Kind of like a financial manager, whose job it is to get you the most amount of growth with the finances you’re investing.
The assets we’re managing as business owners are: our time, our money, our staff’s time, and our business’ money.
The better you can manage those resources, the more you can leverage your growth.
If you think it’s your job in business to do the work, you’re still carrying an employee mindset.
You’re not an employee, you’re an asset manager.
This shift in thinking has personally helped me be able to distance myself emotionally from the business.

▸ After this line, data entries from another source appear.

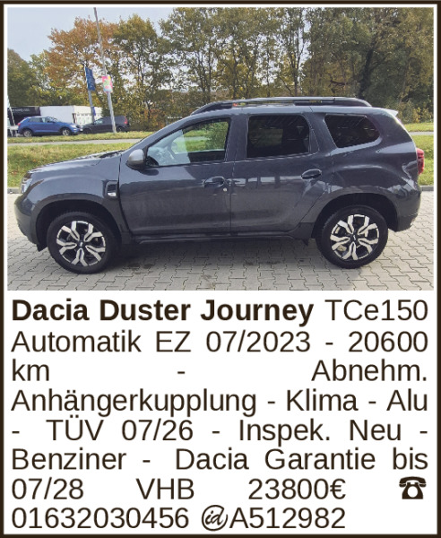 Dacia Duster Journey TCe150 Automatik EZ 07/2023 - 20600 km - Abnehm. Anhängerkupplung - Klima - Alu - TÜV 07/26 - Inspek. Neu - Benziner - Dacia Garantie bis 07/28 VHB 23800€ ‡ 01632030456 ¬A512982Kontakt
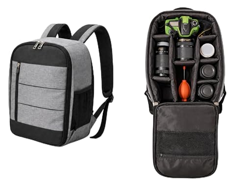 Generic - شنطة ظهر احترافية للكاميرا مع مساحات تخزين متعددة، رمادي، تناسب ما يصل الى 6 عدسات وكاميرا، حماية عالية، جيوب جانبية وسحاب امامي، متوافقة مع كاميرات نيكون وكانون وسوني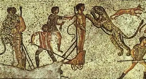 A disseminação da prática de atirar cristãos às bestas foi refletida pelo escritor cristão Tertuliano (século II). Ele afirma que o público em geral culpava os cristãos por qualquer infortúnio geral e, após desastres naturais, gritava "Fora com eles para os leões!" Esta é a única referência de contemporâneos que menciona que cristãos são jogados especificamente para leões. Tertuliano também escreveu que os cristãos começaram a evitar teatros e circos, que estavam associados ao local de sua tortura.[30] " A paixão de São Perpétua, São Felicitas e seus companheiros", um texto que pretende ser uma testemunha ocular de um grupo de cristãos condenados a damnatio ad bestias em Cartago em 203, afirma que os homens deveriam se vestir nas vestes de um sacerdote do deus romano Saturno, as mulheres como sacerdotisas de Ceres e foram mostradas à multidão como tal. Os homens e as mulheres foram trazidos de volta em grupos separados e primeiro os homens, depois as mulheres, expostos a uma variedade de bestas selvagens. As vítimas foram acorrentadas a postes ou plataformas elevadas. Aqueles que sobreviveram aos primeiros ataques com animais foram trazidos de volta para exposição adicional aos animais ou executados em público por um gladiador.[31]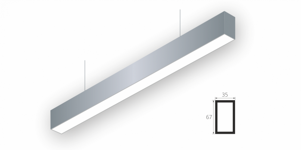Линейный светодиодный Подвесной светильник LiNE-Pro 67x35 1000mm 45W 3000K Серый предназначен для подвесного монтажа на тросовые подвесы. Изготовлен из алюминиевого профиля длиной 1000 мм, мощностью 45 Вт c цветовой температурой 3000 K, цвет корпуса Серый. Высота установки светильника регулируется подвесом с цанговым тросовым зажимом и может варьироваться от 0,05 метра до 4 метров от основного потолка. Линейный светильник может использоваться для реечных потолков. Светильник имеет равномерную засветку по всей площади рассеивателя. Источник питания находится внутри корпуса. Торцевые заглушки входят в комплект.
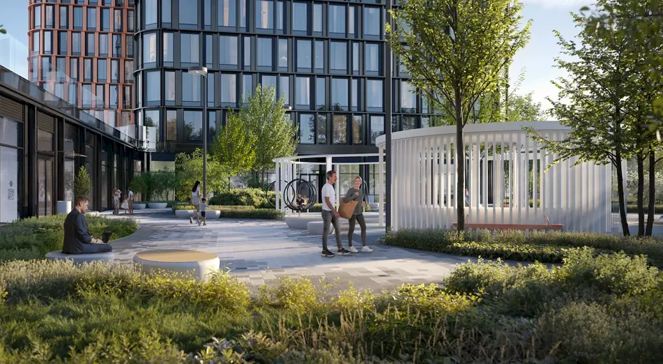 Los tres edificios forman un espacio interior privado con zonas ajardinadas para los residentes: áreas de juegos infantiles, zonas de entrenamiento y áreas lounge con columpios crean una atmósfera de comodidad y privacidad. La seguridad está garantizada por un moderno sistema de control de acceso, y los ascensores rápidos de categoría premium conectan los pisos residenciales con el vestíbulo y el aparcamiento subterráneo.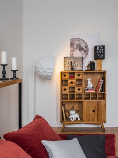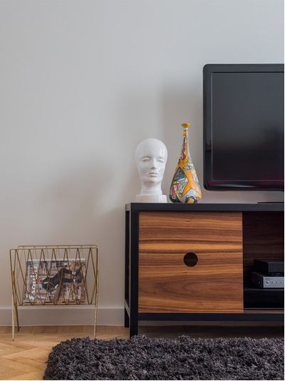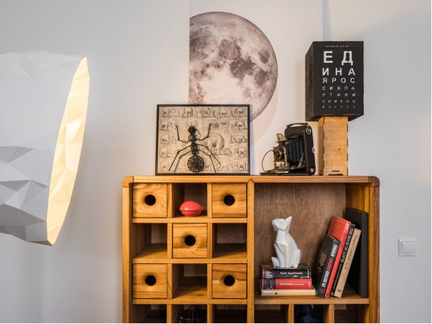 Ксения Собчак: «Новая история квартиры закрутилась вокруг комода, который я увидела в Instagram. Русский дизайнер, ручная работа, невероятного возраста дубы из Ижевска, которые 16 лет сушили на подворье одного из местных мастеров — обожаю такие вещи с историей. А еще это комод из коллекции в духе 1950-х, то есть времен постройки дома. Мне показалось это созвучным атмосфере семейной квартиры».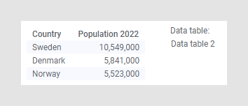 A tabela de dados 2 lista a população de 2022 de cada país, e a camada de recursos no mapa gráfico reflete os números da população.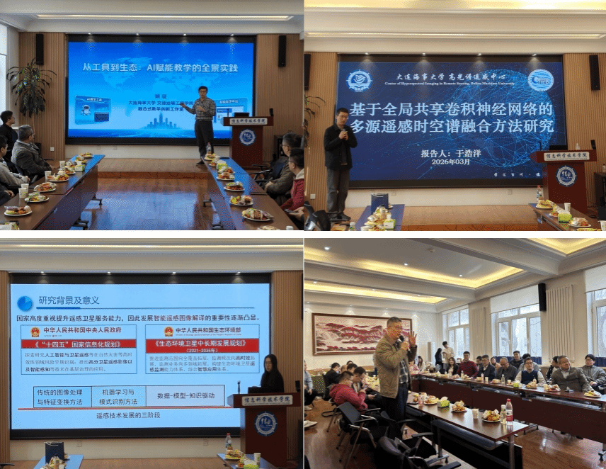 遥感信息处理与应用团队于浩洋老师和王琳琳老师分别作科研专题报告。于浩洋老师围绕多源遥感领域的关键问题与发展趋势,分享了团队在相关方向上的最新研究进展;王琳琳老师则聚焦智能遥感图像解译,系统介绍了其在模型方法与应用实践方面的研究成果。两场科研报告内容前沿、思路清晰,进一步拓展了与会教师的学术视野。各位教师的精彩分享引起了与会人员的浓厚兴趣,现场交流充分、互动热烈,营造了良好的学术交流氛围。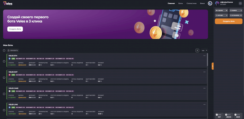 Работать с Veles будет несложно, даже если пользователь новичок в трейдинге. Понятный интерфейс и подробные инструкции делают создание и настройку бота простым и понятным.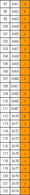 이런 값들은 ascii 코드에서 소문자에 해당하는 영역이다.

Not in terms of caring about my business and its results - my passion is still centered firmly there.
But in terms of thinking I need to be in the business all the time, taking care of little things my staff can actually do, all that day-to-day stuff we wrap ourselves up in… it’s just not our job to be stuck in that kind of detail.
Your business doesn’t need endless glasses of water.
It needs you to fix the damn hole.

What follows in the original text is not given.